- YOUR TASK -
Write out the data below in full, unchanged, minus the images.

- AVAILABLE DATA -
* * *

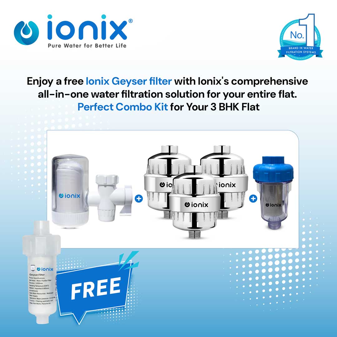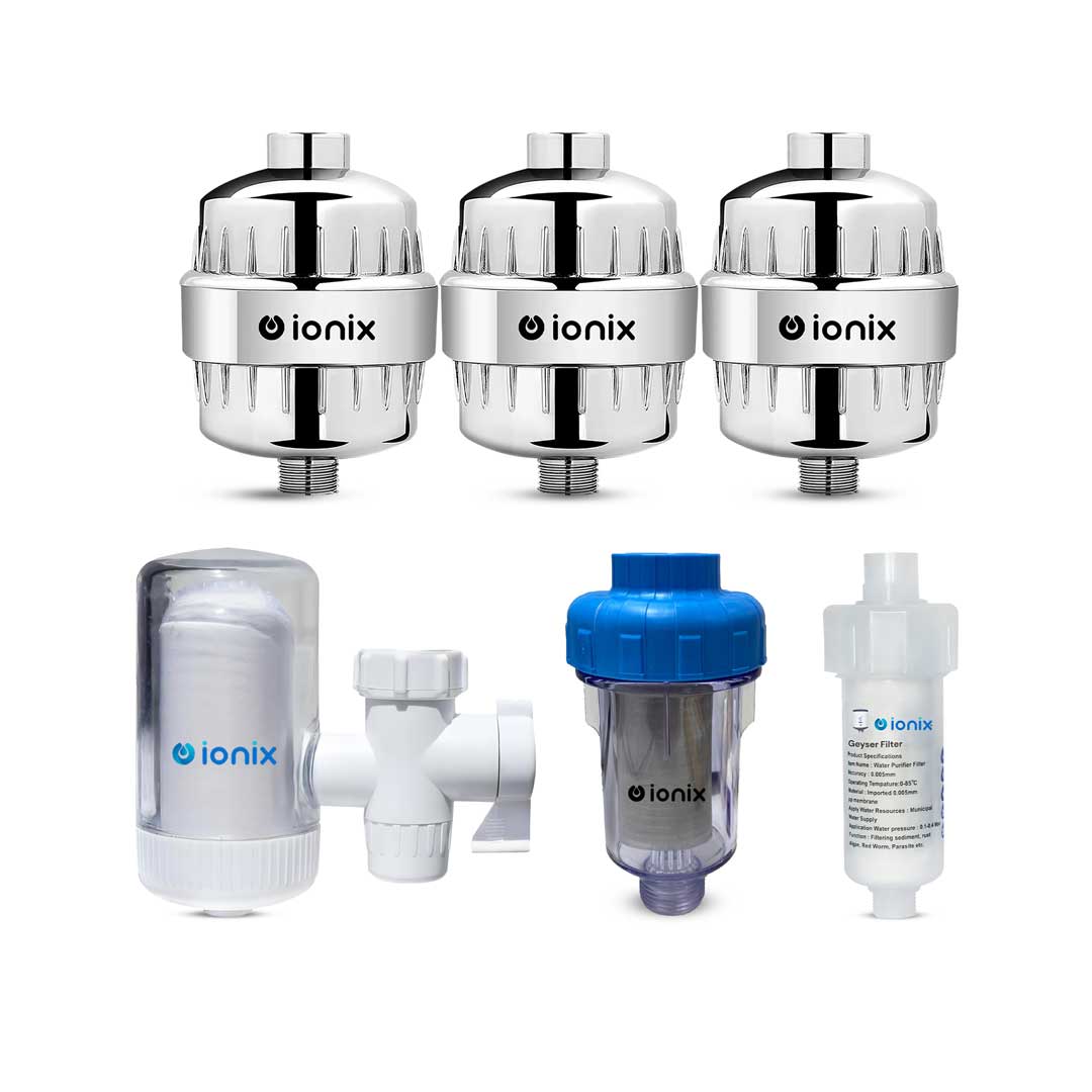 Upgrade Your Water Quality throughout your flat with Ionix Combo kit for Hard Water The Ionix Water Filter System Combo Kit provides a complete water purification solution designed for urban flats. This kit is designed to purify all incoming water, ensuring high-quality water at your kitchen tap, wash basin, bathroom, and washing machine and geyser as well. With easy DIY installation and long-lasting performance, the Ionix Water Filter System Combo Kit promotes a healthier, happier lifestyle for your entire family.
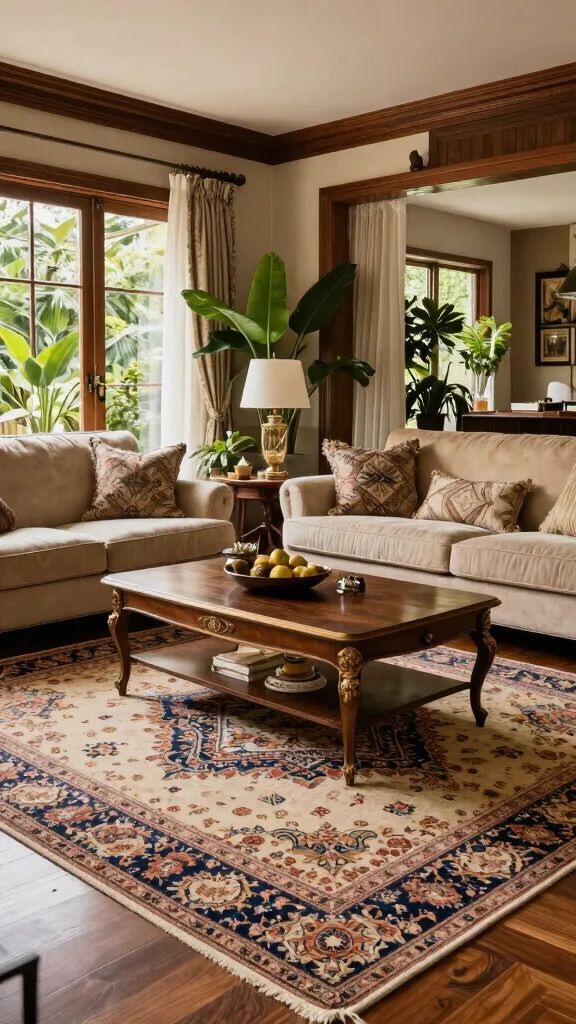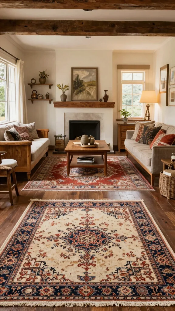 To implement this look, think about mixing geometric patterns with antique decor for a curated vibe. Opting for natural fibers like jute or wool adds texture while ensuring durability.
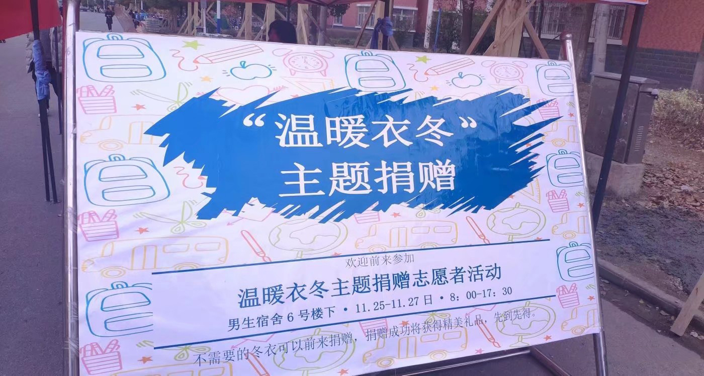 为了响应滁州市天使协会关于开展的“送温暖献爱心”捐赠活动的号召,组织以“温暖衣冬”为主题的捐赠活动,实现闲置资源的合理化配置与循环使用,给贫困地区儿童寒冬里送去一份温暖,传媒学院团总支联合食环学院于11月26日至11月27日举办“温暖衣冬”捐赠冬衣活动。
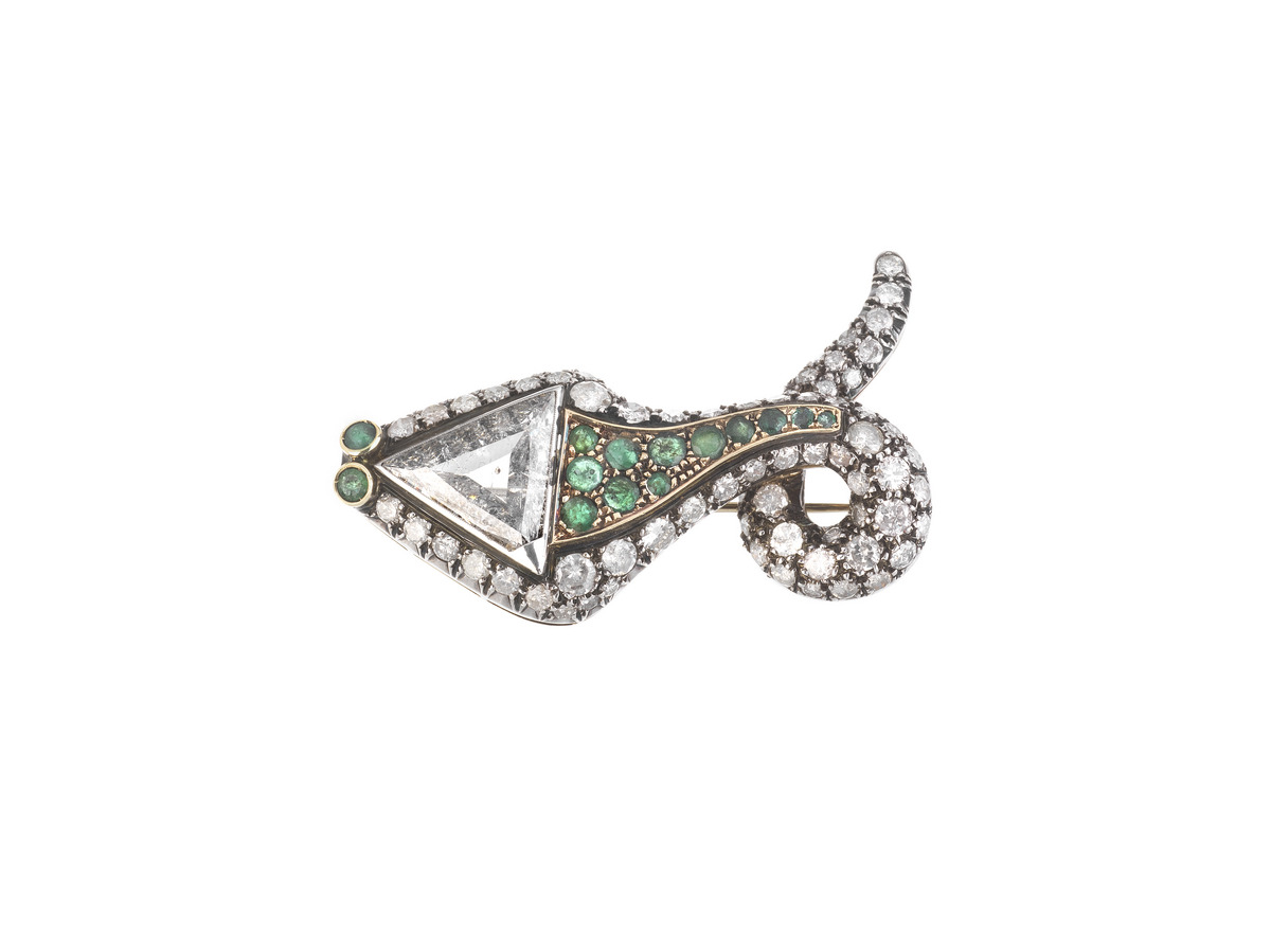SPILLA IN ARGENTO, ORO GIALLO, DIAMANTI E SMERALDI

* * *

- ANSWER TO THIS TASK -
 Upgrade Your Water Quality throughout your flat with Ionix Combo kit for Hard Water The Ionix Water Filter System Combo Kit provides a complete water purification solution designed for urban flats. This kit is designed to purify all incoming water, ensuring high-quality water at your kitchen tap, wash basin, bathroom, and washing machine and geyser as well. With easy DIY installation and long-lasting performance, the Ionix Water Filter System Combo Kit promotes a healthier, happier lifestyle for your entire family.
 To implement this look, think about mixing geometric patterns with antique decor for a curated vibe. Opting for natural fibers like jute or wool adds texture while ensuring durability.
 为了响应滁州市天使协会关于开展的“送温暖献爱心”捐赠活动的号召,组织以“温暖衣冬”为主题的捐赠活动,实现闲置资源的合理化配置与循环使用,给贫困地区儿童寒冬里送去一份温暖,传媒学院团总支联合食环学院于11月26日至11月27日举办“温暖衣冬”捐赠冬衣活动。
SPILLA IN ARGENTO, ORO GIALLO, DIAMANTI E SMERALDI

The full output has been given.